On June 10, 2016, Judges Newman, Chen and Stoll issued opinions in SAS Institute, Inc. v. ComplementSoft, LLC, 825 F.3d 1341 (Fed. Cir. 2016).  The majority (Judges Chen and Stoll) again found that the Board did not need to address non-instituted claims in its final written decision.  825 F.3d at 1343.  Judge Newman wrote a separate opinion, dissenting on that issue for the same reasons she set forth in her dissenting opinion in Shaw.  SAS Institute, Inc., 825 F.3d at 1356-1359.  Judge Newman walked through the legislative history of the America Invents Act, explaining how it purportedly supports her view that final written decisions must address all of the claims in a petition because otherwise the estoppel provision does not carry out its intended purpose—which was to “completely substitute” the same issues in litigation.  Id. at 1358 (“The ‘complete substitution’ for section 102 and 103 issues cannot occur unless all the claims challenged in the petition are included when post-grant review is accepted.  Challengers may choose between the IPR proceeding and district court litigation on the same issues, but Congress restricted the repetitive validity proceedings of the past.”).

Since the four aforementioned Federal Circuit opinions, at least two district courts (Delaware and the Northern District of California) have issued opinions regarding the scope of the IPR estoppel provisions.  Two of these opinions have come out of the same District of Delaware case, Intellectual Ventures I LLC v.

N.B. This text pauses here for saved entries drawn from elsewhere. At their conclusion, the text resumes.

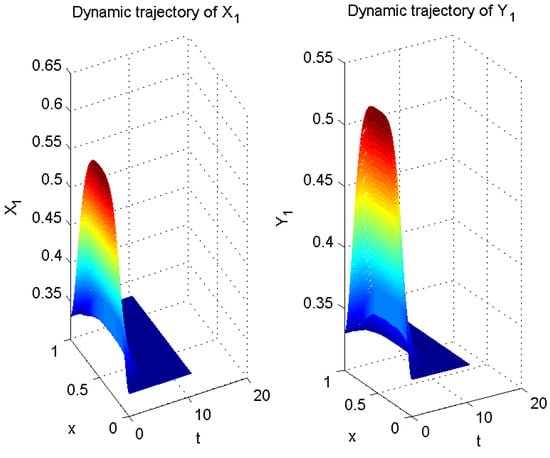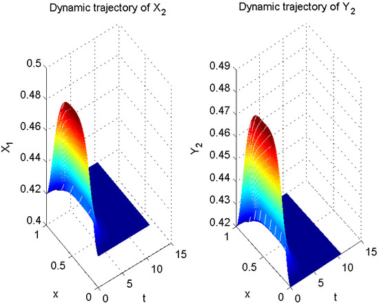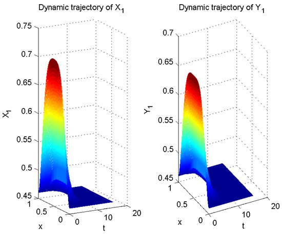 The switching rule of Theorem 1 is different from the switching rule in reference [18]. Meanwhile, synchronization control results for epidemic models have been achieved using impulse control. This is the first time that synchronization control has been obtained for a reaction–diffusion epidemic model under a switching rule.
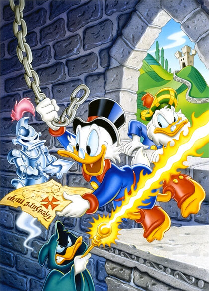 Игры по мотивам сериала Утиные Истории на NES всегда были для меня образцом игр по мультфильмам. Сюжет первой и второй части Duck Tales не следует напрямую сюжетным линиям мультсериала, однако как в игре, так и в мультфильме дядюшка Скрудж Макдак путешествует по различным уголкам планеты, с целью найти давно утерянные сокровища. Взяв за основу любовь Скруджа к путешествиям, разработчики добавили в игру и его друзей - Зигзага Макряка и Винта Разболтайло. Всячески противоборствуют Скруджу братья Гавс и Магика де'Гипноз, а также миллиардер Флинтхарт Гломгольд. Геймплей динамично сочетает в себе прыжки на трости, подъемы и спуски по канатам, исследование местности и решение простых головоломок.
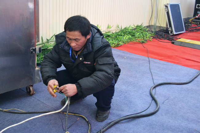 全天候保證會(huì)場(chǎng)用電——志愿者及時(shí)架設(shè)各種線路,排除場(chǎng)館用電故障

Toshiba Corp. et al., No. 13-453, 2016 WL 7341713 (D. Del. Dec. 19, 2016) and 2017 WL 107980 (D. Del. Jan. 11, 2017) (Judge Robinson).  In Intellectual Ventures, Judge Robinson called Intellectual Ventures’ position that Toshiba should be estopped from asserting in litigation invalidity grounds that were raised in its IPR petition but were not instituted “perfectly plausible.”  Intellectual Ventures, 2016 WL 7341713 at *13.  Nevertheless, she concluded that, based on the Federal Circuit’s decision in Shaw which she was bound to follow (“the court cannot divine a reasoned way around the Federal Circuit’s interpretation in Shaw”), Toshiba was not estopped from raising these grounds.  Id.  In the same opinion, but without any reasoning, Judge Robinson ruled that Toshiba was not estopped from litigating grounds that were never raised in an IPR petition.  Id.  In a subsequent opinion, Judge Robinson revisited the second part of her decision in Intellectual Ventures (estoppel of invalidity grounds not in an IPR petition).  While ultimately Judge Robinson did not change her decision on this issue from her first opinion, this time around Judge Robinson stated that there are competing policy considerations at play and it is “not [her] place to make policy decisions”; thus, she “hopes that an appeal may clarify the issue for future judges and future cases.”  Id. at *2.  The two competing policy considerations identified by Judge Robinson are: estoppel should apply to grounds not raised in IPR petitions because the PTAB is meant to be the patentability arbiter of first resort vs. estoppel should not apply to grounds not raised in IPR petitions because otherwise companies can play games between the PTAB and the courts, asserting some references in connection with the IPR but leaving some for litigation.  Id.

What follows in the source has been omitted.